Fluttering broken cornstalks from a recent harvest tell me the westerly breeze is in a hurry to go somewhere other than here.

It’s a cold wind, breaking the rules of a silent hunt as it gusts through the treetops. The sunrise seems late, hidden by a thick cover of multicolored grays. Two muffled shots from afar reach my ears, but my spot on the edge of wilderness is still asleep.

It’s deer season in Michigan, a state holiday of sorts. It’s no different in my little corner of Northeast Michigan just north of beautiful Hubbard Lake. I write this from the tight confines of a portable blind just feet away from the Little Thunder Bay River. I can hear the ducks as they curl their wings for a splashdown. A pair of soaring eagles look down on me as if I don’t belong here.

It’s 7:30 a.m. and Mother Nature is waking up.

A “V” of geese struggle against the headwind, but their chatter brings out two deer, one too far, the other too small. Both nibble and move on out of sight.

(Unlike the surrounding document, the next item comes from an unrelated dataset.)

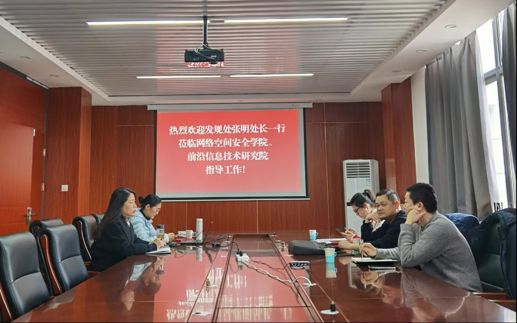、前沿信息技术研究院指导工作。副书记闫丽霞和副院长潘恒参加会议。
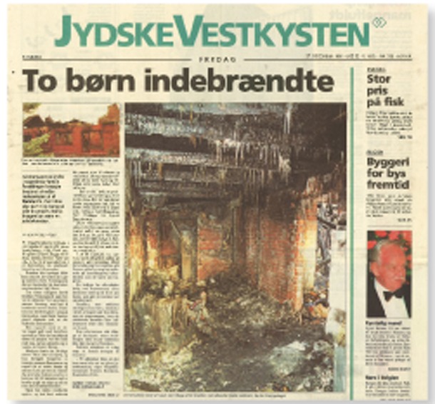 Hansa og Niels flygtede ud af det brændende hus via en trappe. Niels fandt hurtigt en stige og kravlede op til vinduet, hvor Tikva og Levi havde værelse. Han smadrede vinduet, men branden havde allerede så voldsomt fat, at den brændende hede gjorde det umuligt at komme ind. Kort efter eksploderede noget i huset, så vinduerne blev blæst ud imod dem på gårdspladsen. Forældrene var i dybt chok over, at deres børn på kun 8 og 14 år indebrændte i huset på 1. sal. De kunne ikke fatte, hvad der skete.

It’s getting colder now. Zip up the coat a bit and pull the stocking hat over my ears. Except for the wind, the next hour is silent. I ponder my situation, thinking, “Is this how it is every morning along the river?” It’s a bit like the age-old question, “If a tree falls in the forest and nobody is there to hear it, does it make a noise?”

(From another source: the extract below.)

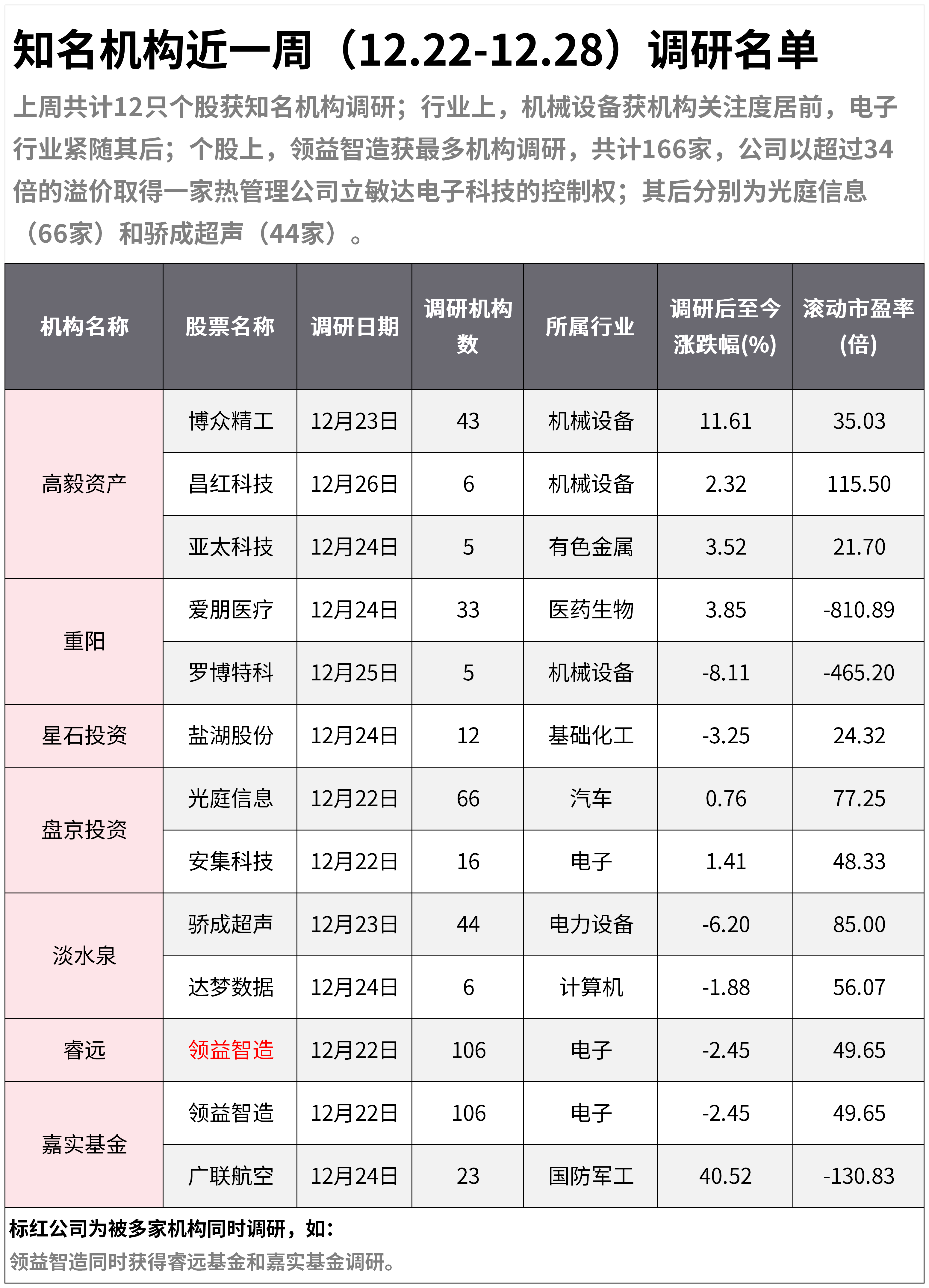 知名机构近一周(12.22-12.28)调研名单:机构扎堆这只超高溢价并购概念股

But then, interrupting my “Which came first, the chicken or the egg?” thinking, two more deer silently emerge from the forest’s shadows, looking for whatever grain the combine tossed aside. Heads down, now straight up as they listen for danger. Again, and then again. The larger one is out of range, but the slightly smaller deer is walking my way.

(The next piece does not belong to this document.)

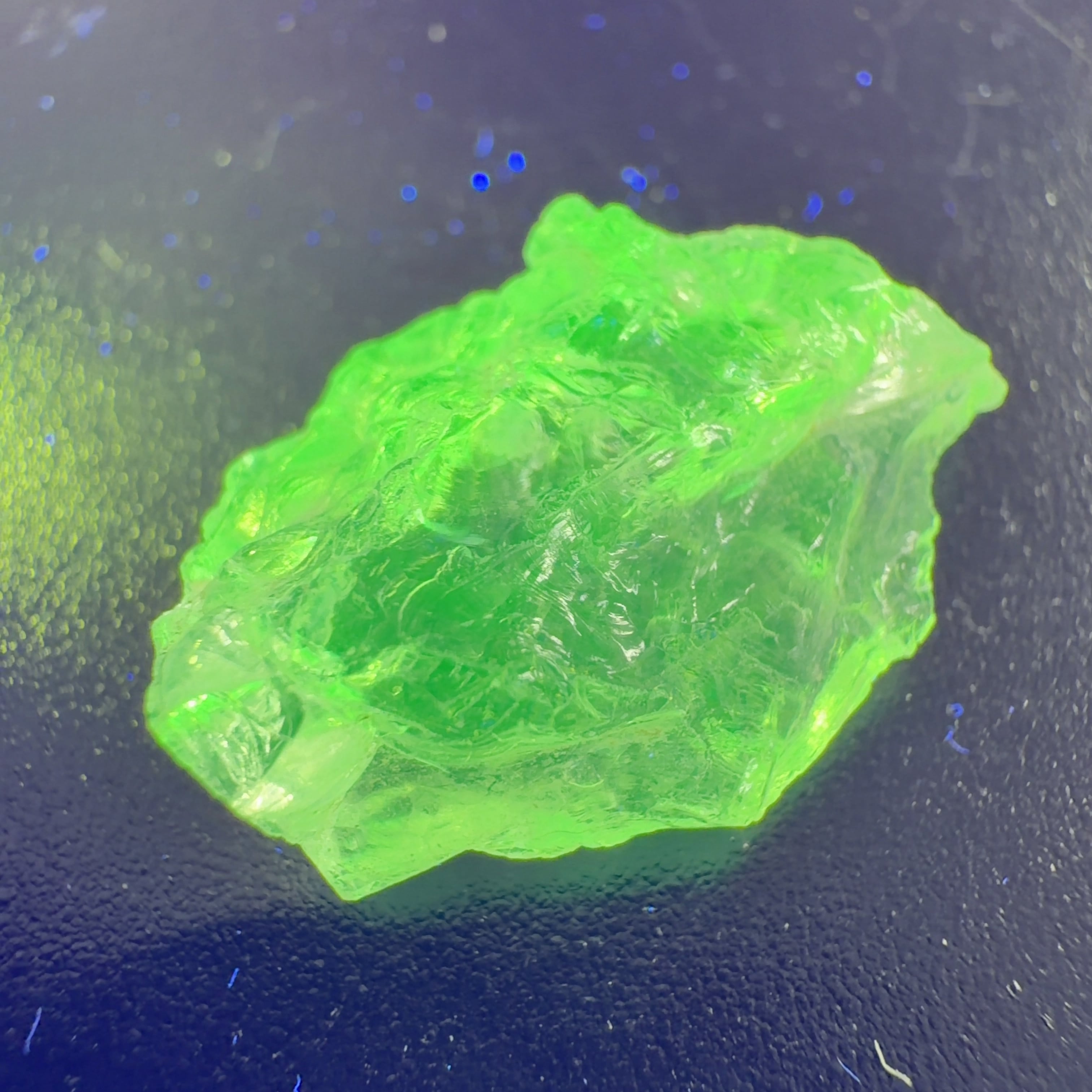 かたまってできたもので、紫外線(ブラックライト)で黄緑色の蛍光を発する。

Five, then 10 minutes pass. I am sitting so still, fighting off the urge to wipe my runny nose. The larger doe wanders off, but this little buck is still meandering my way, wary, but hungry. He goes further into the scrubby cornfield and finally gives me a chance to see his broadside.

I’d be lying if I didn’t say I thought about what I was about to do as the crosshairs came to rest slightly below his shoulder. Not looking for either a reason or an excuse to kill, but then again, we have close to a dangerously overpopulated deer herd, and I wanted the meat — simple as that, no more, no less.

Then it’s over. I respectably go about doing the necessary fieldwork, then walk back and get the truck and gently lay him in the pickup bed.

No trophies for me. Don’t want or need them.

My trophy is the few moments I took and looked around the countryside and said a little prayer. Grateful for a beautiful morning and good enough health to sit quietly in a blind while I marveled at nature’s wonders, knowing full well the chaos of 2020 is still out there, ripping threads out of our fabric of life, but fully aware that God’s gift of nature will outlast the cruelties life tosses in our path if — and only if — we tend to the protection and preservation of that gift.

But still I wonder who will be sitting here when I am gone and what will be going through their mind as the sun shines its first light on the silence of the hunt?